§ **RECORDS TO USE**:
= Beginning of Section =

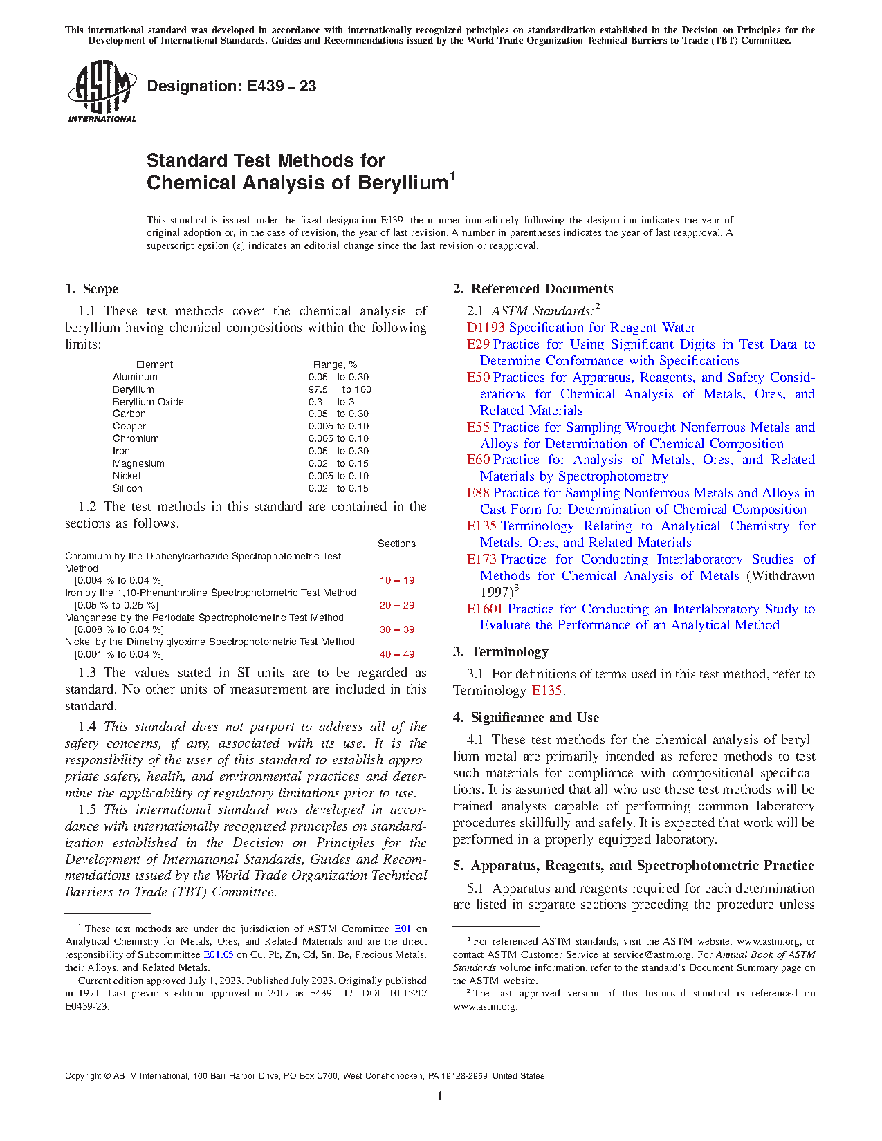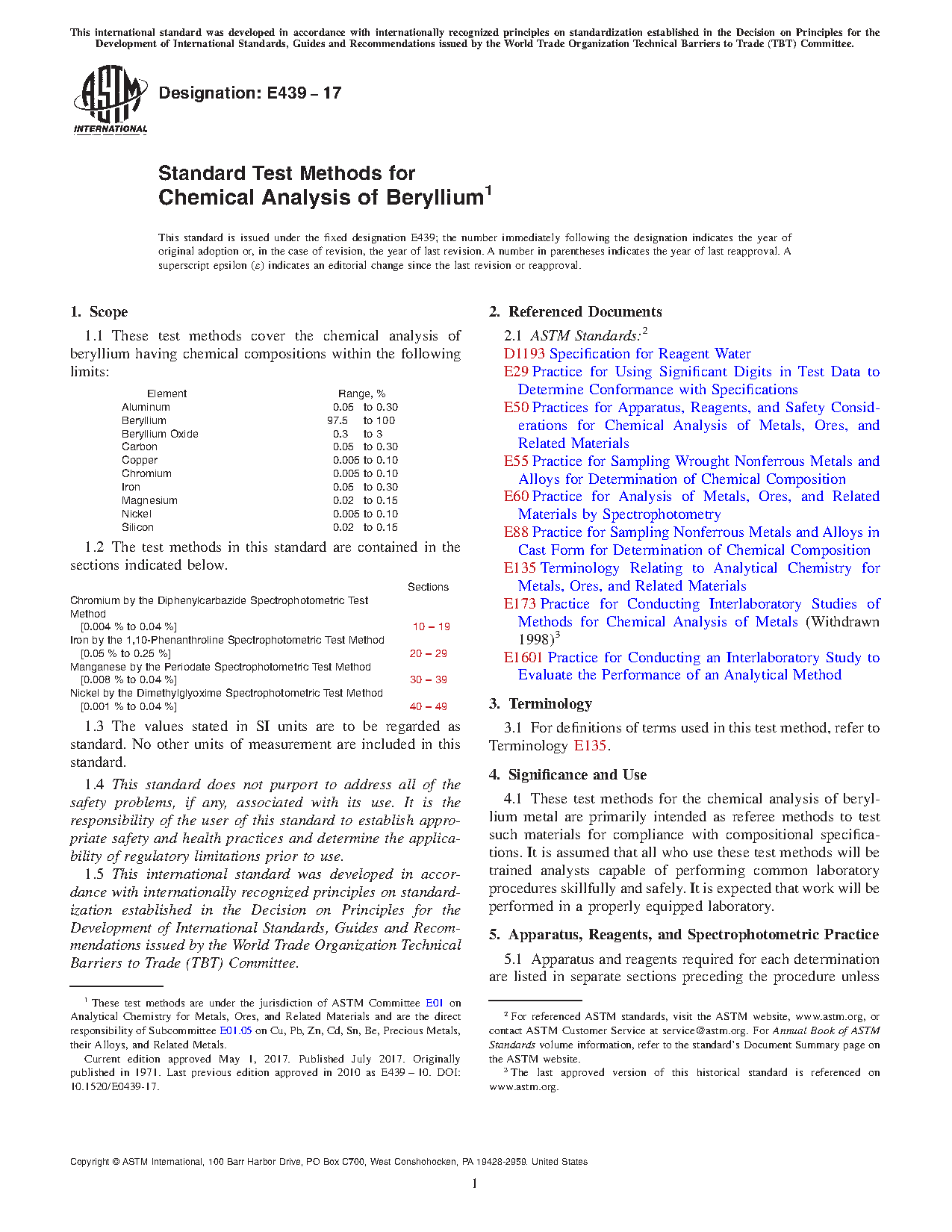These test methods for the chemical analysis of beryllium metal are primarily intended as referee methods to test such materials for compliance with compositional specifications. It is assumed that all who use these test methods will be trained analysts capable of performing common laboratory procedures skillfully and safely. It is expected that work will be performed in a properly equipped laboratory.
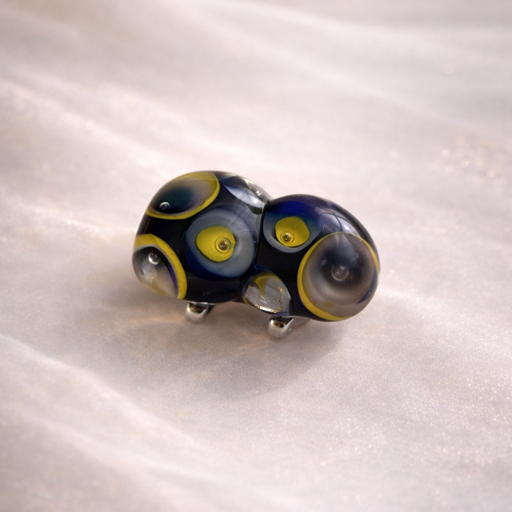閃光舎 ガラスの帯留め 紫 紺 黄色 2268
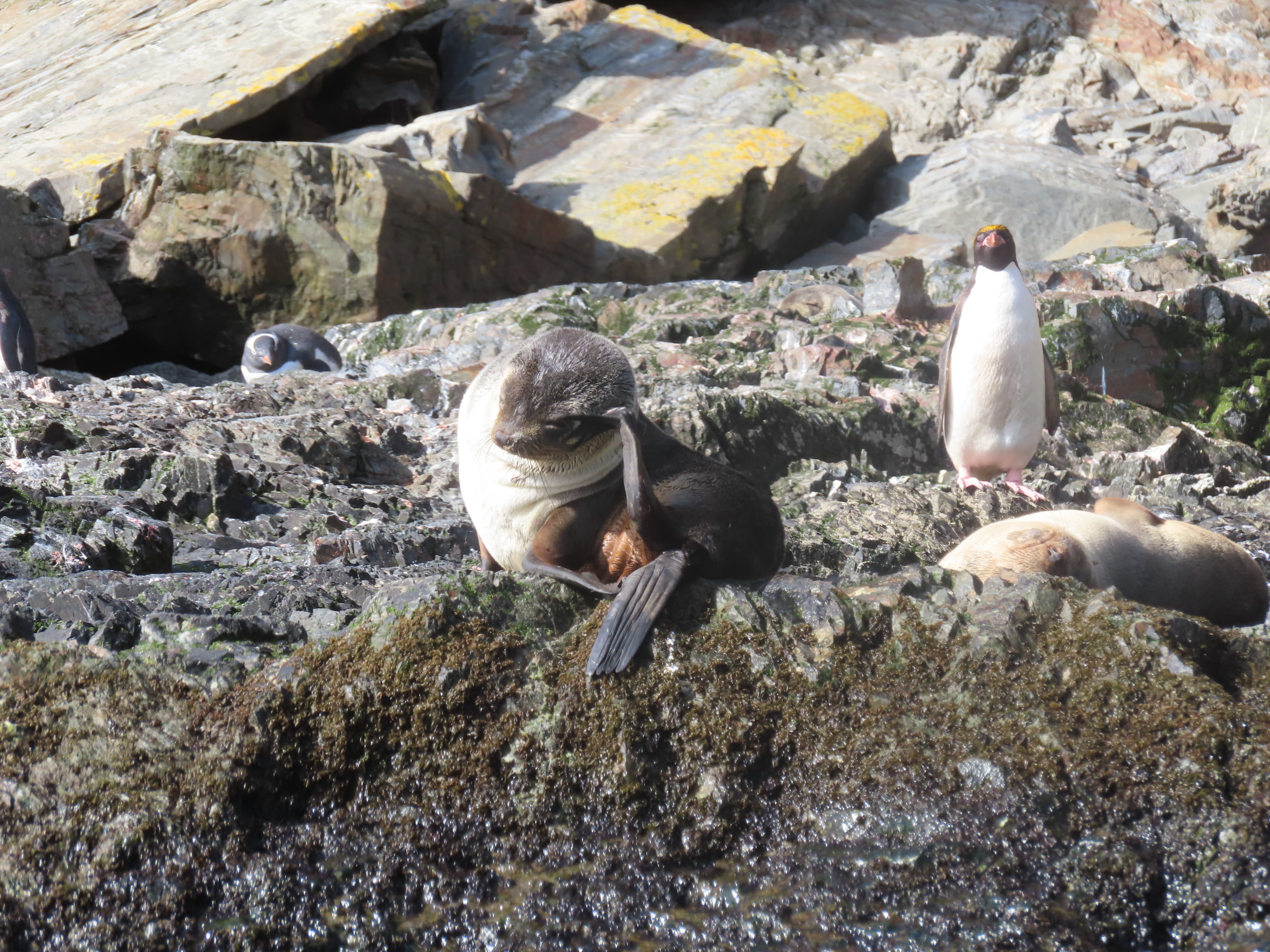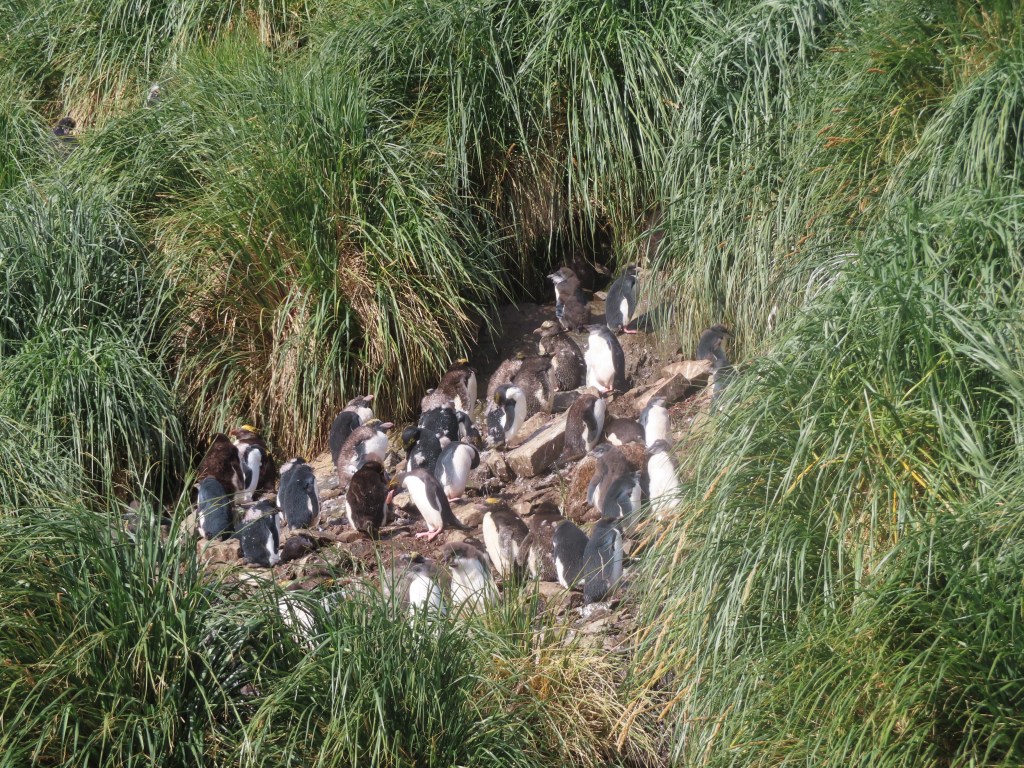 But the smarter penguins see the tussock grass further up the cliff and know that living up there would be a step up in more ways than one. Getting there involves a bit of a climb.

= End of Section =
= Beginning of Section =

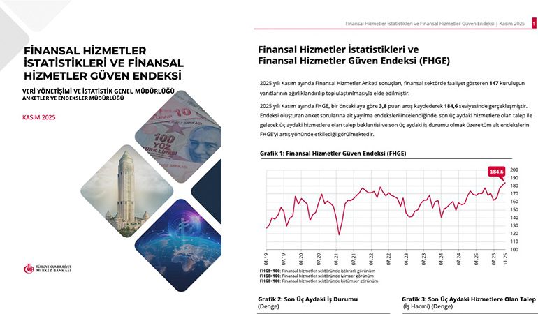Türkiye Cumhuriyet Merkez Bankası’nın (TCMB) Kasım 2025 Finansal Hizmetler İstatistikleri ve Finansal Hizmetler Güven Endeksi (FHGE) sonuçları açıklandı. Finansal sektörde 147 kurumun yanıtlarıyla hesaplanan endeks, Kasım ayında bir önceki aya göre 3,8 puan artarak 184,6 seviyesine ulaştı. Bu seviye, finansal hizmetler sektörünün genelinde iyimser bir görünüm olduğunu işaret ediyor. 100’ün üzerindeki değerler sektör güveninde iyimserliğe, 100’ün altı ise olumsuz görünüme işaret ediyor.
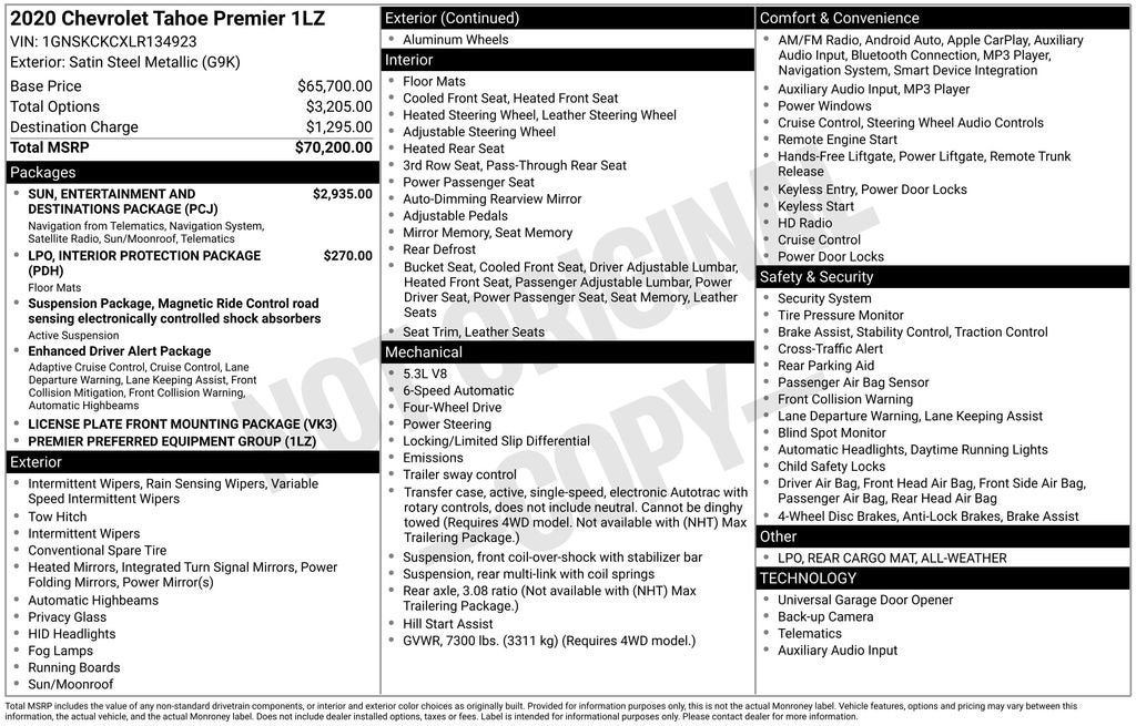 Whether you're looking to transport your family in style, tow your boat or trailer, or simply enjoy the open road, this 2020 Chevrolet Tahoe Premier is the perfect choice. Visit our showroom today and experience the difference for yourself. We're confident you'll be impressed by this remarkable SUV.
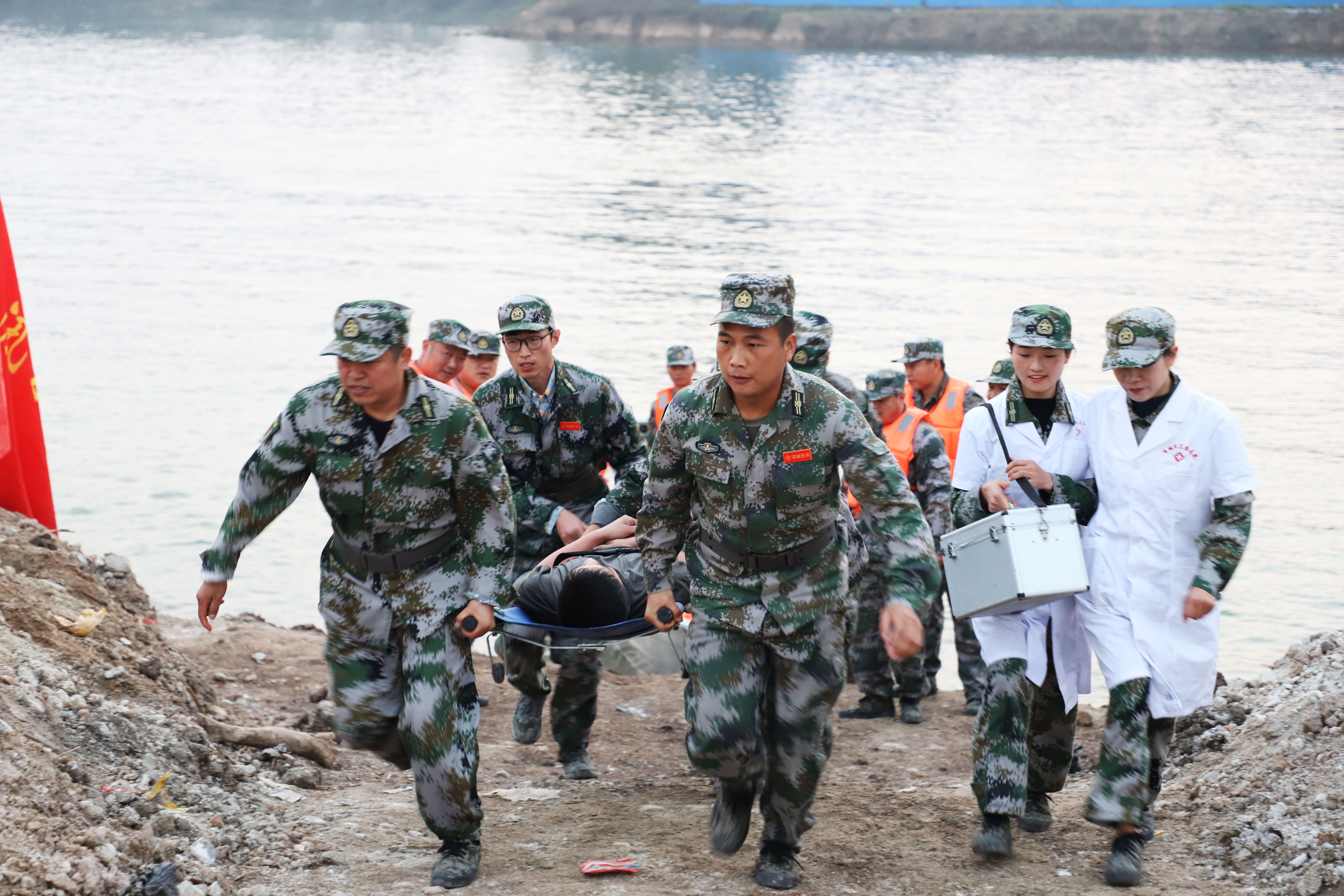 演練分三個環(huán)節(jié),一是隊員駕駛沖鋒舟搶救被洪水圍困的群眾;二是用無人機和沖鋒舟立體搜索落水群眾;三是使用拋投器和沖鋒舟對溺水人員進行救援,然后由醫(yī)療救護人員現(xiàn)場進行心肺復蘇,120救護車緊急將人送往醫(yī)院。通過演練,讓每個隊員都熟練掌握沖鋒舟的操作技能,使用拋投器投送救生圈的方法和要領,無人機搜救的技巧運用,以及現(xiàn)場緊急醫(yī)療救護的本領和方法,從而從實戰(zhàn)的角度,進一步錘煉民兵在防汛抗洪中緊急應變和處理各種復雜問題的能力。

= End of Section =

§ **AIM OF THE TASK**: Going by the entries above, repeat exactly the lines that start at the line with "Whether you're looking" and go on through the line with "演練分三個環(huán)節(jié),一". Pictures are not part of the copy.

§ **ANSWER TO THIS EXERCISE**:
 Whether you're looking to transport your family in style, tow your boat or trailer, or simply enjoy the open road, this 2020 Chevrolet Tahoe Premier is the perfect choice. Visit our showroom today and experience the difference for yourself. We're confident you'll be impressed by this remarkable SUV.
 演練分三個環(huán)節(jié),一是隊員駕駛沖鋒舟搶救被洪水圍困的群眾;二是用無人機和沖鋒舟立體搜索落水群眾;三是使用拋投器和沖鋒舟對溺水人員進行救援,然后由醫(yī)療救護人員現(xiàn)場進行心肺復蘇,120救護車緊急將人送往醫(yī)院。通過演練,讓每個隊員都熟練掌握沖鋒舟的操作技能,使用拋投器投送救生圈的方法和要領,無人機搜救的技巧運用,以及現(xiàn)場緊急醫(yī)療救護的本領和方法,從而從實戰(zhàn)的角度,進一步錘煉民兵在防汛抗洪中緊急應變和處理各種復雜問題的能力。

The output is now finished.